■ Problem
Copying exactly, give the lines in the material below from the one with "넓은 냄비에 물을 넉넉히 담아 강한 불에서 끓입니다." to the one with "Personal de una", ends included, and nothing besides.

■ Data extracts
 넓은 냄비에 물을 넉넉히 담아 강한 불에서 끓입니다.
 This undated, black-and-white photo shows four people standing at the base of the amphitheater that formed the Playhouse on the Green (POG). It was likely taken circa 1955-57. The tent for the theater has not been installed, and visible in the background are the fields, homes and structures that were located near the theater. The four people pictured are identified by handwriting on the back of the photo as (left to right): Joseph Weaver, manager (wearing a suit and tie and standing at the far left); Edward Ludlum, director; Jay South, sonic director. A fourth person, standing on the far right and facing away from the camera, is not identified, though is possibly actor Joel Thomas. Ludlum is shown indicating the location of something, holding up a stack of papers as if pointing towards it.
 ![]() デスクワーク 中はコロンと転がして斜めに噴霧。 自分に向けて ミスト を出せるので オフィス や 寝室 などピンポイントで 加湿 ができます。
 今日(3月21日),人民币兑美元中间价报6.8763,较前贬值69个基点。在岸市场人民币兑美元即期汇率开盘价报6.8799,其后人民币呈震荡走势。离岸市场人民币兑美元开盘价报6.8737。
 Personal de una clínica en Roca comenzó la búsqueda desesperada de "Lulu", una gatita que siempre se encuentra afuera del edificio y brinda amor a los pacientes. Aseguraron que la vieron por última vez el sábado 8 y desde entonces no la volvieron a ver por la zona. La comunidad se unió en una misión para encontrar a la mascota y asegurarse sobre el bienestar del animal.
* * *
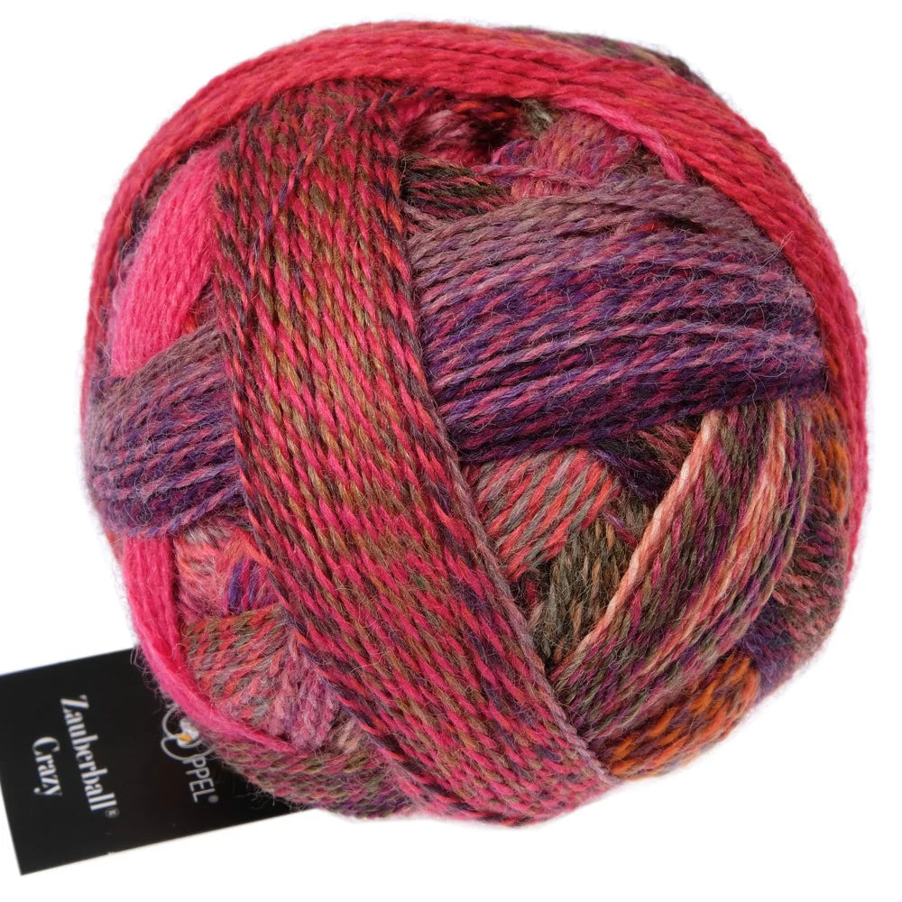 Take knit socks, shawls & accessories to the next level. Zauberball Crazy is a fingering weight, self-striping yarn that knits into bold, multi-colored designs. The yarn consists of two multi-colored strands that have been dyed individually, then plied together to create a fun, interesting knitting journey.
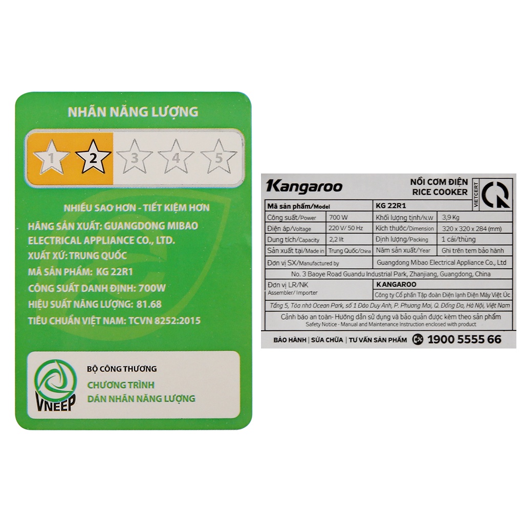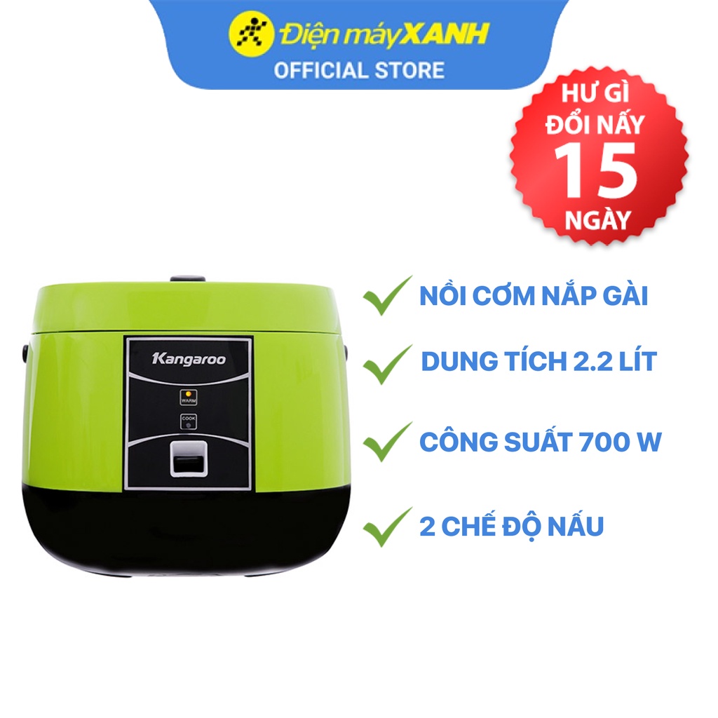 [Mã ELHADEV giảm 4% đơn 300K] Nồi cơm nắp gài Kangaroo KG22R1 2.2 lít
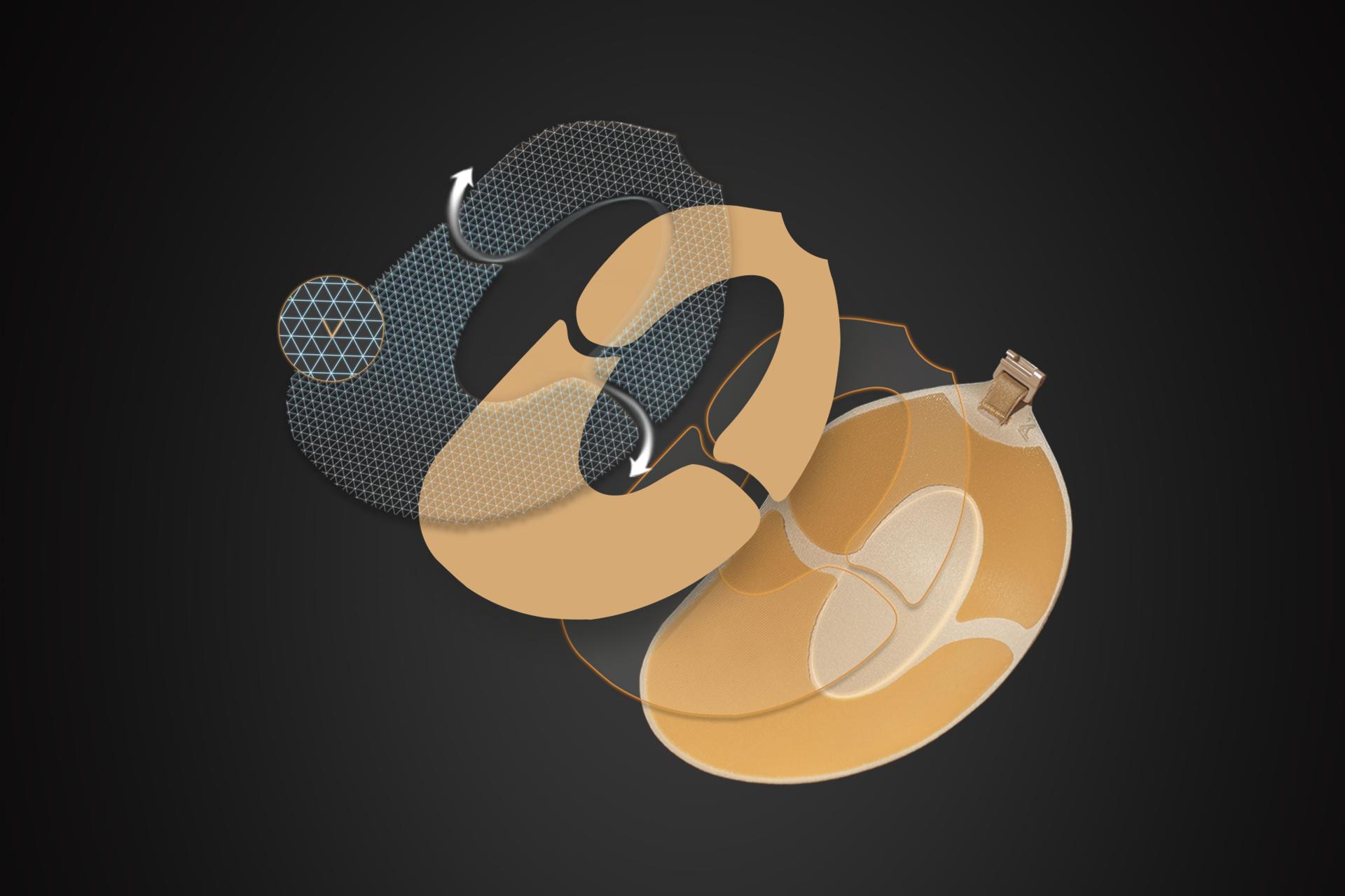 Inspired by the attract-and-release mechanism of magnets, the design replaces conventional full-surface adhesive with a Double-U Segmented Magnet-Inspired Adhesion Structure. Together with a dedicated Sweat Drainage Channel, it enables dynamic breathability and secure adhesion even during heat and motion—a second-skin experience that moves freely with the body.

■ Your response
 넓은 냄비에 물을 넉넉히 담아 강한 불에서 끓입니다.
 This undated, black-and-white photo shows four people standing at the base of the amphitheater that formed the Playhouse on the Green (POG). It was likely taken circa 1955-57. The tent for the theater has not been installed, and visible in the background are the fields, homes and structures that were located near the theater. The four people pictured are identified by handwriting on the back of the photo as (left to right): Joseph Weaver, manager (wearing a suit and tie and standing at the far left); Edward Ludlum, director; Jay South, sonic director. A fourth person, standing on the far right and facing away from the camera, is not identified, though is possibly actor Joel Thomas. Ludlum is shown indicating the location of something, holding up a stack of papers as if pointing towards it.
 ![]() デスクワーク 中はコロンと転がして斜めに噴霧。 自分に向けて ミスト を出せるので オフィス や 寝室 などピンポイントで 加湿 ができます。
 今日(3月21日),人民币兑美元中间价报6.8763,较前贬值69个基点。在岸市场人民币兑美元即期汇率开盘价报6.8799,其后人民币呈震荡走势。离岸市场人民币兑美元开盘价报6.8737。
 Personal de una clínica en Roca comenzó la búsqueda desesperada de "Lulu", una gatita que siempre se encuentra afuera del edificio y brinda amor a los pacientes. Aseguraron que la vieron por última vez el sábado 8 y desde entonces no la volvieron a ver por la zona. La comunidad se unió en una misión para encontrar a la mascota y asegurarse sobre el bienestar del animal.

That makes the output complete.